Table 2 Percentage of patients with an impaired performance at the neuropsychological evaluation, before surgery and at a 3-month follow-up
Table 3 Percentage of patients with an impaired performance at the immediate and delayed auditory verbal recall depending on tumor location

We performed a series of logistic ordinal regression analyses to control whether there were specific tests that were associated with relapsing. Preliminary results showed that for left temporal tumors these were: delayed verbal recall (b = −0.76, p = 0.04), face naming (b = −1.08, p = 0.01), object naming (b = −0.43, p = 0.04) and verbal fluency (b = −0.89, p = 0.008). When the tumor volume was included as covariate, only verbal fluency was predictive of relapsing (p = 0.048). In the case of frontal tumors, only patients’ performance on attentional matrices seemed to be associated with relapsing (b = −0.496, p = 0.03). When left frontal and temporal gliomas were considered together, object naming was the best predictor (b = −0.29, p = 0.05), even when the volume, site and grade were taken as covariates (p = 0.017).

We also performed a series of logistic regression to control for the effects of chemotherapy on test performance. When all relevant variables were taken into account (age, education, tumor size, grade, handedness, side and site of the tumor, scores before surgery), no effect was found in the available follow-up (6 months). As regards radiotherapy, only 20 patients in our series underwent this treatment. Given the limited number of patients, no analysis was performed on its effects.

Conclusions

First, we have presented the criteria that we have considered in developing our battery to assess LGG patients; second, we have reported the performance of our first sample of patients on this battery. Data concerning the predictive value of some test must be considered with caution, since several other variables (e.g., type of tumor, grade, etc.) need to be taken into account on a larger number of subjects.

Several issues, however, are worth considering. First, even when it remains in the normal range, the neuropsychological performance in patients with tumor removal decreases. More specifically, it decreases immediately after surgery and then improves, but at a 3-month follow-up it is typically still lower than at the pre-surgery interval (see Fig. 2).

Fig. 2
figure 2

Example of performance in verbal fluency on phonemic cue at three time intervals (T0 pre-surgery, T1 in the week after surgery, T2  after 3 months)

Therefore, a low, though still normal, pre-surgical performance does not give any safety margin to avoid cognitive impairments after removal. This information is relevant for both the patient and the surgeon, since it allows predicting surgery outcome and whether rehabilitation will be necessary. Once again, we do not argue that in these cases tumor removal should be partial, but that the patient has to be informed about the possible consequences.

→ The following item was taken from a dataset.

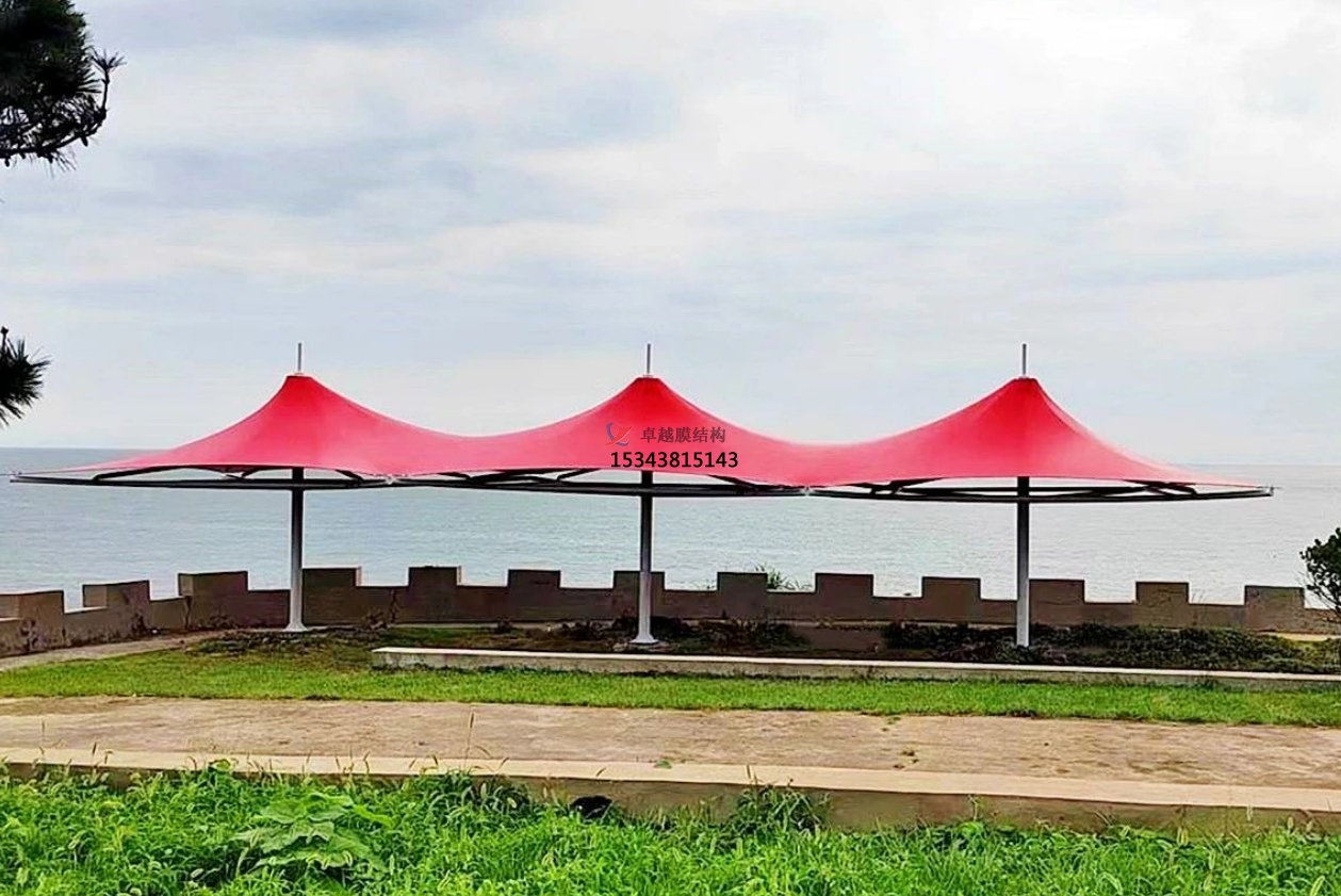 在實際應(yīng)用方面,景觀膜結(jié)構(gòu)的身影遍布各個領(lǐng)域。在城市公園與廣場,它常被用于搭建遮陽避雨的設(shè)施,如長廊、亭子等。這些膜結(jié)構(gòu)設(shè)施不僅為市民提供了舒適的休閑空間,讓人們在戶外活動時免受日曬雨淋,其獨特的造型和光影效果,還為公園增添了濃厚的藝術(shù)氛圍,成為人們拍照打卡的熱門地點。在體育場館,大型的膜結(jié)構(gòu)屋頂和看臺設(shè)計屢見不鮮。膜結(jié)構(gòu)減輕了建筑自重,提高了場館的抗震性能,在舉辦賽事時,獨特的膜結(jié)構(gòu)造型配合燈光效果,能夠營造出熱烈而獨特的觀賽氛圍,增強觀眾的觀賽體驗。商業(yè)街區(qū)和步行街也廣泛應(yīng)用景觀膜結(jié)構(gòu),可作為臨時的商業(yè)展示空間,或是裝飾性的建筑元素,吸引顧客的注意力,提升商業(yè)空間的品質(zhì)和吸引力,促進商業(yè)活動的開展。

Second, an informative neuropsychological evaluation requires time. It never occurred to us that a patient would refuse to complete the entire battery. However, we are aware that some clinicians prefer to reduce the time devoted to cognitive assessment. If an extensive battery cannot be performed, there are a number of tasks that need nonetheless to be included, since they are particularly sensitive to general, beside specific, brain damage, and these are: verbal fluency (6 min), picture naming of people and objects (about 15 min), verbal learning (15 min), the Weigl test or the trail-making task (5 min), the total time being about 45 min, which is the best compromise we can accept. Finally, it is recommended to perform a follow-up every 3 months to detect immediate changes that can be predictive of relapsing.